The reader knows that Mosheh had been a Hebrew since birth, but Mosheh himself did not know this. How had Mosheh come to that point to know that he was a Hebrew? Perhaps, the Egyptian princess told him how she had found him in the river and how he was raised in the royal court of Pharaoh, or he must have presumed his Hebraic identity, because he was circumcised. He grew up in the royal court as the son of the Egyptian princess. But his Hebrew consciousness was not settled until at certain point it woke up when he observed an Egyptian taskmaster beating an Israelite. He killed the Egyptian, but the pain did not delay and came to him when the very Israelites he saved from the Egyptian betrayed him, saying, “Who has appointed you as a dignitary and judge?” The Israelite thus implied that Mosheh was in no position and authority in Israel to act as a judge “over us” (the Israelites). Mosheh fearing for his life fled Egypt. It would be forty years later, when the Eternal called him to return to Egypt and lead his people out of the bondage.
Now, since Mosheh was born 130 years after Ya’akov had come down to Egypt, the daughter of Pharaoh had never known an Egypt without Hebrews; she was born in Egypt when the Hebrews had already in the country for a long time. For her the Hebrews were part of the Egyptian populace, and for this reason saving a Hebrew baby from the waters of the Nile was the most natural thing to do. Yet even though she was an Egyptian of the royal class, she put everything behind her and left Egypt. Why did she do that?
We see that at a certain point of the lives of Mosheh and his adoptive mother a changed must have come that made them become different persons. What was it? For Mosheh it was the revelation at the burning bush. Mosheh indeed fled Egypt and relinquished his Egyptian identity, but he was still a stringer in Midian. At the burning bush, standing on the holy ground, on the mountain of the Eternal, Mosheh was called to return to his ancestry. He was reluctant to return to Egypt to take his people of the bondage, yet when he returned, he became the greatest statesman of Israel. But what changed his adoptive-mother’s life? It is the same that changed both. The Eternal said to Mosheh in Midian,
Go, return to Egypt, for all the men are dead who sought your life. (Exo 4:19)

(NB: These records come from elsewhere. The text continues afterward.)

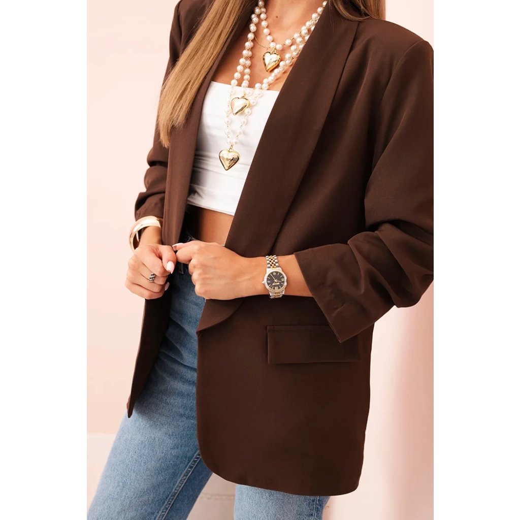 Představujeme vám elegantní sako. Sako bez knoflíků s předními klopami. Tento model bude skvělou volbou pro mnoho typů siluet a dodá každému stylingu nenucenou eleganci. Je základem každého šatníku a stylovým prvkem pro speciální úkoly - pro každé roční období a každou příležitost. Sako je vyrobena z vysoce kvalitního materiálu. Sako má podšívku.Velikost je univerzální a vyhovuje dámským velikostem S, M a L.
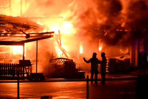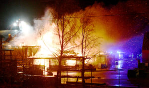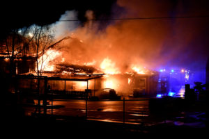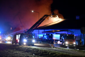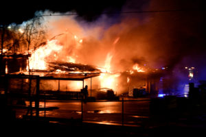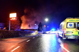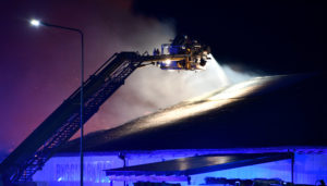 Kraftig brand i byggvaruhus på Böketoftavägen i utkanten av Kågeröd
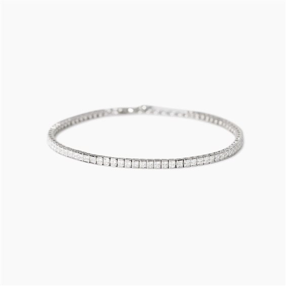 Bracciale tennis in argento 925 rodiato con zirconi bianchi taglio princess. Zirconi mm 2x2. Misura regolabile da cm 18 a cm 20.

Egypt now had a new king. The Pharoah who brought the slavery upon the Israelites and who sought to kill Mosheh was no more, and the adoptive mother of Mosheh was no longer the princess of Egypt. With the coming of the new Pharoah in power, after the death of her father, she might have demoted and fallen from grace. Alternatively, she might have been disgraced when Mosheh killed the Egyptian on account of being his adoptive mother. Either way, the Egyptian princess left the idolatry behind and joined the children of Israel to become a member of the tribe of Yehudah. Thus, from an Egyptian princess she became Bityah, the daughter of the Eternal Yah.
If our line of reasoning is correct and the above is accepted, then, we are ready to remove all questions that have been risen so far, because what the chronicler has made explicit is implicit in Exodus.
It was arranged in heaven that a basket with a baby was to drift away in the river and come into the hands of the daughter of Pharaoh.
It was arranged in heaven that Mosheh was to be raised in the Egyptian court, and the children of Israel were to suffer under the yoke of the Egyptians.
It was arranged in heaven that Mosheh was to kill and be rejected by his people so that his adoptive mother would be rejected by her people and accepted by a new people.
And it was decreed in heaven that an Egyptian princess would be adopted and called the daughter of Yah.